*** Begin section ***

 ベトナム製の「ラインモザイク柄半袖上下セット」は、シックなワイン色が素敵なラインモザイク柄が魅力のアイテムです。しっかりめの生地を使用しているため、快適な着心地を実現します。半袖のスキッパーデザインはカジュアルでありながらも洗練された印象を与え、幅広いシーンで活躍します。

*** End section ***
*** Begin section ***

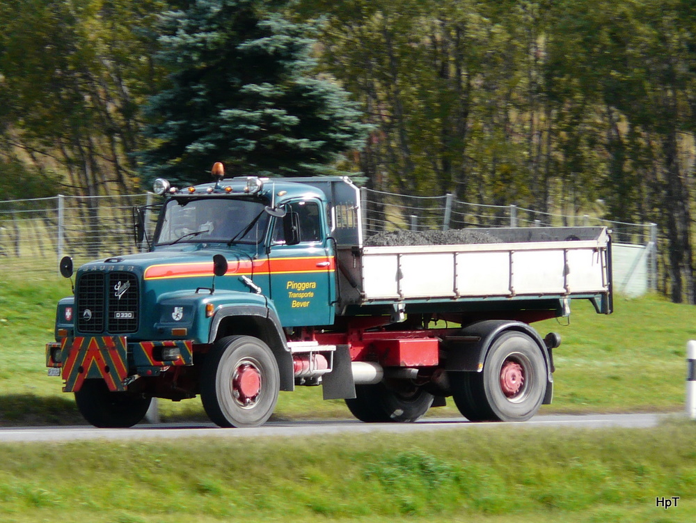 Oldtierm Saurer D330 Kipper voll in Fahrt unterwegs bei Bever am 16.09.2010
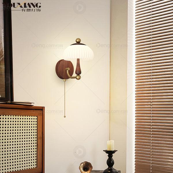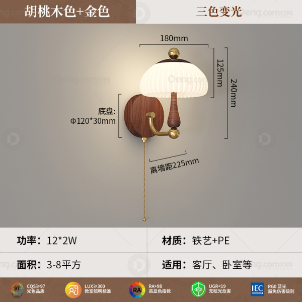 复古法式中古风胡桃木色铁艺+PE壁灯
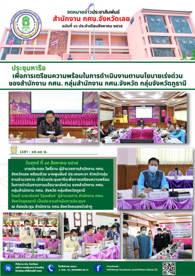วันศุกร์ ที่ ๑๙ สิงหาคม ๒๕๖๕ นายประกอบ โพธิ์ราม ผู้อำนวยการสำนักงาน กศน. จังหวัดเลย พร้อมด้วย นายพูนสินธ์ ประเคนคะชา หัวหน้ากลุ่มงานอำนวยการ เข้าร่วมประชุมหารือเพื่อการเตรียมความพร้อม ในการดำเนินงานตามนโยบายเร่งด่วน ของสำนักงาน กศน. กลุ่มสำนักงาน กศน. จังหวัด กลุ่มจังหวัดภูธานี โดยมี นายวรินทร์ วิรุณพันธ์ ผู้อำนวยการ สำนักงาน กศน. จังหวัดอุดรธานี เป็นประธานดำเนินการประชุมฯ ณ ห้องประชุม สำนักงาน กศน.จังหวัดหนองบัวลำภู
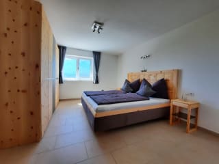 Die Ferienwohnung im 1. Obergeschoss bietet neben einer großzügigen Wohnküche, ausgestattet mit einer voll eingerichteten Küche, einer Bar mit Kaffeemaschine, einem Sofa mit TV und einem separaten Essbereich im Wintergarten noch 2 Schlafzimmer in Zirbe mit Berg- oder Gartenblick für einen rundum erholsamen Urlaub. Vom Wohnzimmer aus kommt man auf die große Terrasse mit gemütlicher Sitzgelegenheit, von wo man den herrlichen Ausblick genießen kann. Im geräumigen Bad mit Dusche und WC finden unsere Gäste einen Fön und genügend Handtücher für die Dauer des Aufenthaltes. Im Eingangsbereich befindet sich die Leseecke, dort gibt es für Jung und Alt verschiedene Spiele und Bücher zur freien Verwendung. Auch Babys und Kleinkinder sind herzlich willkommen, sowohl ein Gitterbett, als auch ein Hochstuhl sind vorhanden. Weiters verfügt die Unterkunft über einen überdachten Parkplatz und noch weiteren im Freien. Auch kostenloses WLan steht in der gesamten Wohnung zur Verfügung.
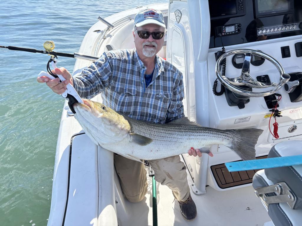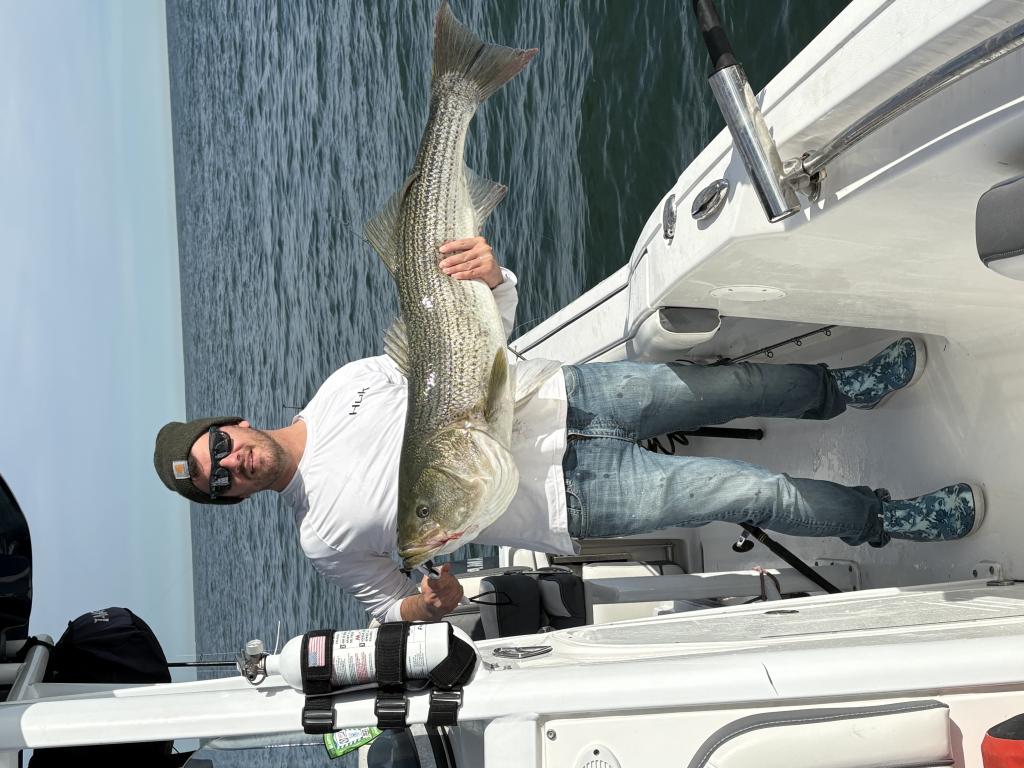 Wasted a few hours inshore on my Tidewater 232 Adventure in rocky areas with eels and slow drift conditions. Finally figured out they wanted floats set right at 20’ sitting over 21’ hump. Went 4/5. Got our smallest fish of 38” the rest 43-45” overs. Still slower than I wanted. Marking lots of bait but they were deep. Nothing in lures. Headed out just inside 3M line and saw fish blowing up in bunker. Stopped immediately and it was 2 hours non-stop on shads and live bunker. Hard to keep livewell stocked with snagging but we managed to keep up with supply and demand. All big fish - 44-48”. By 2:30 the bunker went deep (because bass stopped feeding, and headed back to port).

*** End section ***
*** Begin section ***

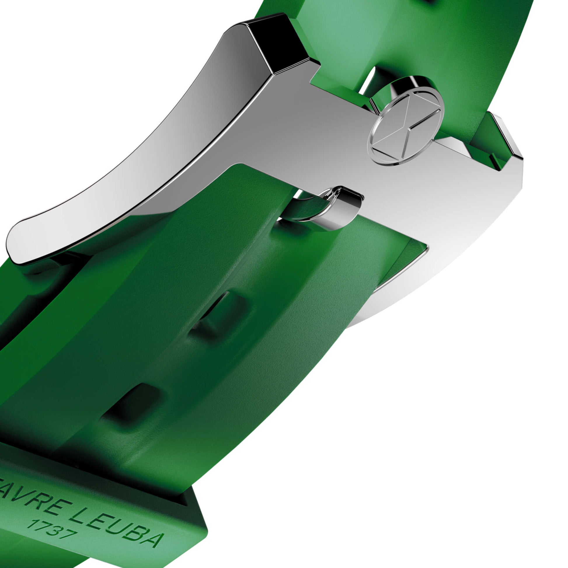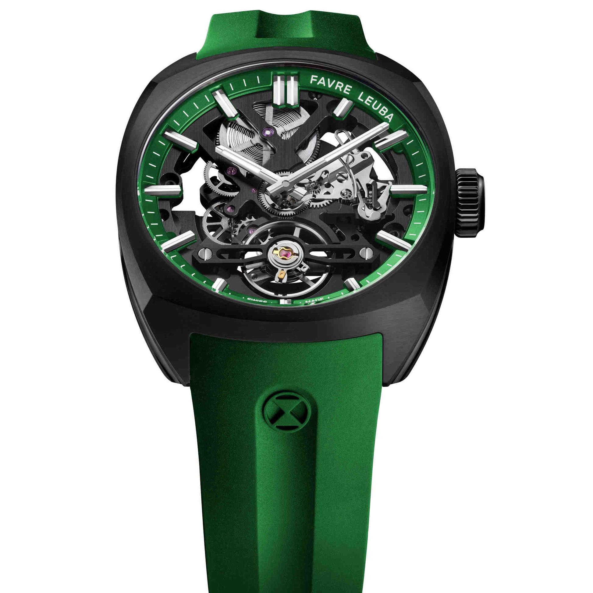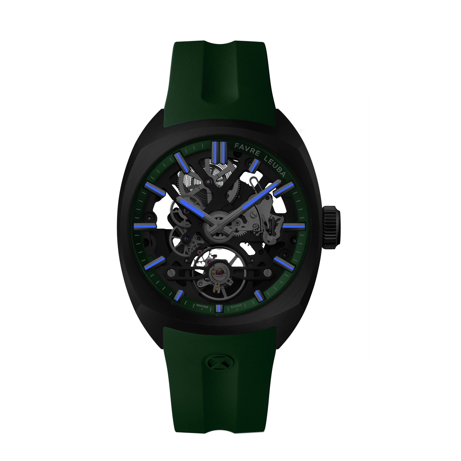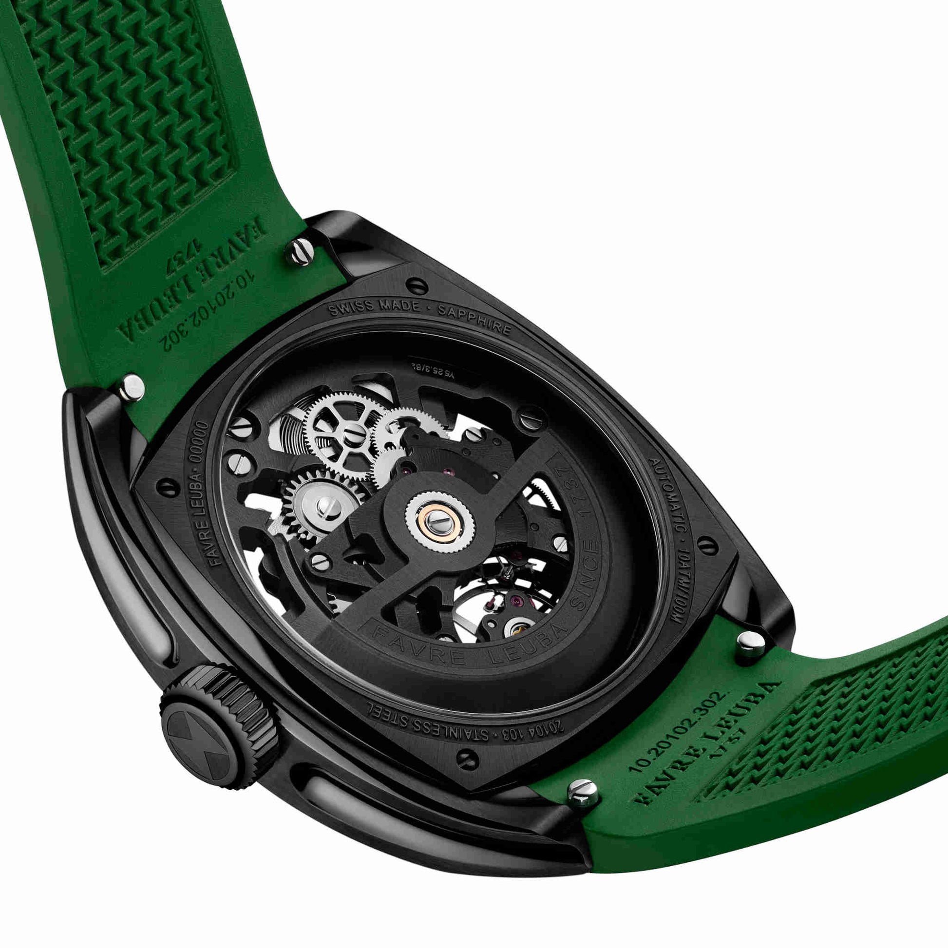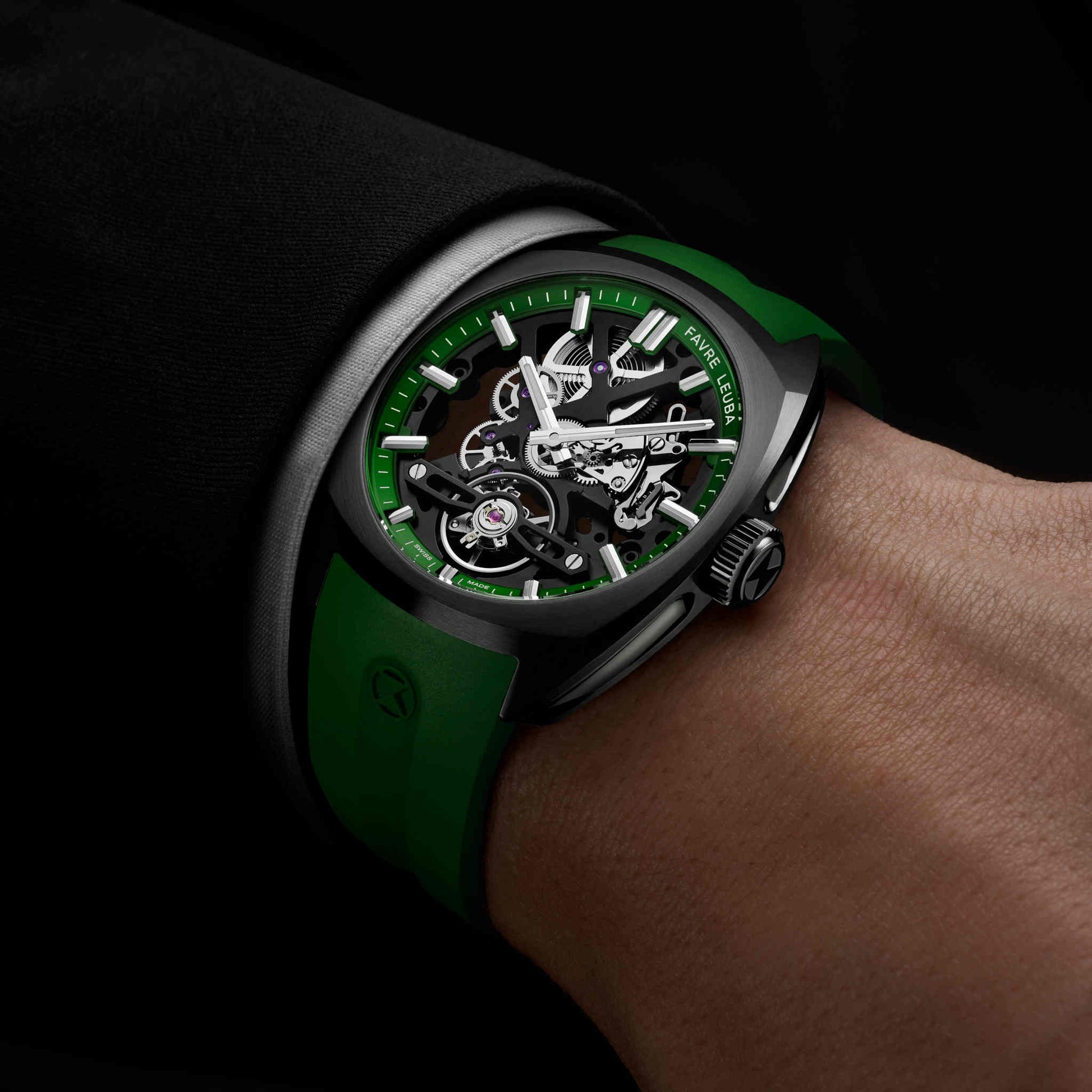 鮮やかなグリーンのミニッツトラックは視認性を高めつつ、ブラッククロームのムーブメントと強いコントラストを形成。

*** End section ***

ACTIVITY —
Look above for the line containing "Die Ferienwohnung im", then copy exactly from it through the line containing "Wasted a few", keeping both and leaving out pictures. Add nothing else.

OUTPUT BELOW —
 Die Ferienwohnung im 1. Obergeschoss bietet neben einer großzügigen Wohnküche, ausgestattet mit einer voll eingerichteten Küche, einer Bar mit Kaffeemaschine, einem Sofa mit TV und einem separaten Essbereich im Wintergarten noch 2 Schlafzimmer in Zirbe mit Berg- oder Gartenblick für einen rundum erholsamen Urlaub. Vom Wohnzimmer aus kommt man auf die große Terrasse mit gemütlicher Sitzgelegenheit, von wo man den herrlichen Ausblick genießen kann. Im geräumigen Bad mit Dusche und WC finden unsere Gäste einen Fön und genügend Handtücher für die Dauer des Aufenthaltes. Im Eingangsbereich befindet sich die Leseecke, dort gibt es für Jung und Alt verschiedene Spiele und Bücher zur freien Verwendung. Auch Babys und Kleinkinder sind herzlich willkommen, sowohl ein Gitterbett, als auch ein Hochstuhl sind vorhanden. Weiters verfügt die Unterkunft über einen überdachten Parkplatz und noch weiteren im Freien. Auch kostenloses WLan steht in der gesamten Wohnung zur Verfügung.
 Wasted a few hours inshore on my Tidewater 232 Adventure in rocky areas with eels and slow drift conditions. Finally figured out they wanted floats set right at 20’ sitting over 21’ hump. Went 4/5. Got our smallest fish of 38” the rest 43-45” overs. Still slower than I wanted. Marking lots of bait but they were deep. Nothing in lures. Headed out just inside 3M line and saw fish blowing up in bunker. Stopped immediately and it was 2 hours non-stop on shads and live bunker. Hard to keep livewell stocked with snagging but we managed to keep up with supply and demand. All big fish - 44-48”. By 2:30 the bunker went deep (because bass stopped feeding, and headed back to port).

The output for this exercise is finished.